COLLECTED DATA —

+--

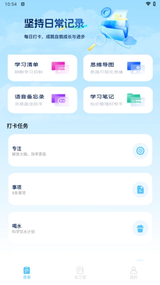 2. 打开软件进入首页,这里提供了学习清单、思维导图、自习室等工具,供用户使用。
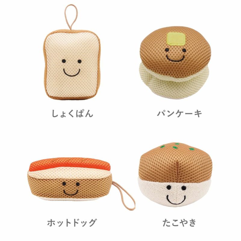 「クッキングボディスポンジ」は、食パン・パンケーキ・ホットドッグ・たこ焼きの4種類。
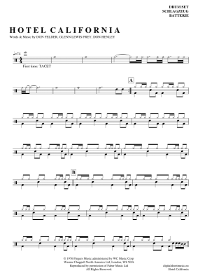 Hotel California - Sheet Music for Drums Eagles
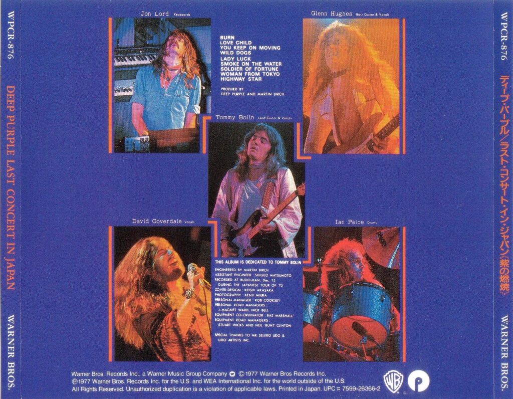 - “Nearly 12,000 rock fans filled the Budokan concert hall to see the new Deep Purple. The band had flown their producer, Martin Birch, in to supervise the recording of the album, and two film crews, one stationary and one mobile, were there to record the excitement on celluloid. Purple opened to pandemonium with “Burn” and with Tommy Bolin healthy again, they played their most explosive set of the tour. Jon Lord and Ian Paice dazzled the rock & roll ravers with an impromptu jam of “Woman From Tokyo”. Tommy Bolin mesmerized them with his echoplex during [sic] “Ode to G”.Glenn Hughes, one of rock’s funkiest bassists, had the girls screaming during his soulful rendition of “Georgia On My Mind” and David Coverdale was fully in command as he sang “Smoke on the Water”, the song that made Ian Gillan’s wail famous.” Peter Crescenti/Rolling Stone

+--

WHAT IS EXPECTED — Give back exactly the run of lines that opens the material above and ends at the line with "Hotel California - Sheet". Omit the pictures.

SOLUTION —
 2. 打开软件进入首页,这里提供了学习清单、思维导图、自习室等工具,供用户使用。
 「クッキングボディスポンジ」は、食パン・パンケーキ・ホットドッグ・たこ焼きの4種類。
 Hotel California - Sheet Music for Drums Eagles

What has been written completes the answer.